As Guatemala's election campaign got under way, it was announced that former dictator Efraín Ríos Montt had been nominated by his Guatemalan Republican Front (FRG) party to run for a seat in congress in the September vote.
The move makes it unlikely that Montt will face charges of genocide for his role during the country's 36-year civil war. People running for public office enjoy immunity from prosecution and although a Guatemalan court has been considering for some time whether to order Montt's arrest, for crimes allegedly committed while he ran the country from 1982-83, the former dictator looks likely to escape trial.
Montt ruled during what was considered the bloodiest period of Guatemala's 1960-96 civil war, in which 200,000 people, mostly Mayan Indians, were killed or disappeared.
According to a UN report, the government carried out more than 90 per cent of the killings. Montt denies culpability but following his nomination for the September election, 31 US congressmen wrote to Guatemala's attorney general urging him to move quickly to arrest the former dictator on outstanding warrants for genocide issued in Spain.
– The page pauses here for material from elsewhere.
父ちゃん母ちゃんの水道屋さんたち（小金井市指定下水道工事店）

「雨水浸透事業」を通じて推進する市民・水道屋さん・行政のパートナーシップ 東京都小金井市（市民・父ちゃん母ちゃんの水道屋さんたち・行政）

The Spanish case stems from charges levied by Nobel Peace Prize winner Rigoberta Menchú against former military and government officials over a fire at the Spanish embassy in Guatemala City in 1980 that killed her father and 36 others. But the judiciary has dragged its heels, while the FRG has said publicly it will do anything to ensure Montt remains its candidate. "Anything could mean anything," said Ruth de Valle, a local human-rights defender.
Guatemala's election campaign began against a backdrop of an extraordinarily high murder rate of women, a dramatic increase in organised crime and endemic police corruption.
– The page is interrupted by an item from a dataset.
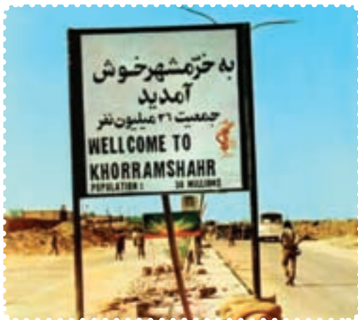
ورودی شهر خرمشهر در زمان جنگ تحمیلی

کمک به دفاع ملی دریغ نورزیدند. پس از چند هفته، دشمن متجاوز دریافت که خیال تصرف ایران، خام و ناپخته بوده است. پیروزی‌های بی‌دری ایران در جبهه‌های جنگ، به تقویت وحدت ملی در کشور انجامید. با همت غیور مردان ایران، آبادان از محاصره خارج و خرمشهر آزاد شد. دیری نگذشت که دشمن متجاوز در بقیه‌ی نقاط مرزی نیز تن به شکست‌های بزرگی داد. با شکست‌های بی‌دری عراق در صحنه‌های جنگ، برخی دولت‌های عربی و غربی، به میزان کمک‌های آشکار و پنهان خود به عراق، افزودند.

Official figures for violent deaths show that in 2006, 5,885 Guatemalans were murdered, a 60 per cent increase since 2003. The murder rate is even higher than during the 1960-96 conflict, fought between left-wing guerrillas and the military.
"Guatemala is a good place to commit a murder, because you will almost certainly get away with it," said Professor Philip Alston, the UN Special Rapporteur on extrajudicial killings. His colleague, Anders Kompass, the UN High Commissioner for Human Rights in Guatemala, described the country as a "failed and collapsed state".
The UN is investigating the secret forces thought to be behind much of the violence aimed at destabilising Guatemalan society.
On a recent visit to Guatemala City, I met with people who'd lost friends and family during the war and also in the recent upsurge of violence: Sergio Ortega, whose 25-year-old daughter, Velvet, was murdered in broad daylight in July 2005, and Wendy Mendez, who, in March 1984, aged nine, was tortured in front of her mother while in police custody. It was the last time she saw her mother.
Sergio and Wendy despair at the lawlessness engulfing their nation and ask why, after more than a decade, are those responsible for war atrocities holding positions of power within the police, the military and the government.
Montt, who received 11 per cent of votes during the 2003 presidential election, personifies the country's culture of impunity. Barred from running for office, Montt was nonetheless allowed to stand after thousands of masked FRG supporters took to the streets of Guatemala City with machetes, clubs and guns.
Ten years after the so-called peace, Guatemala is still ruled by the sword rather than the ballot box.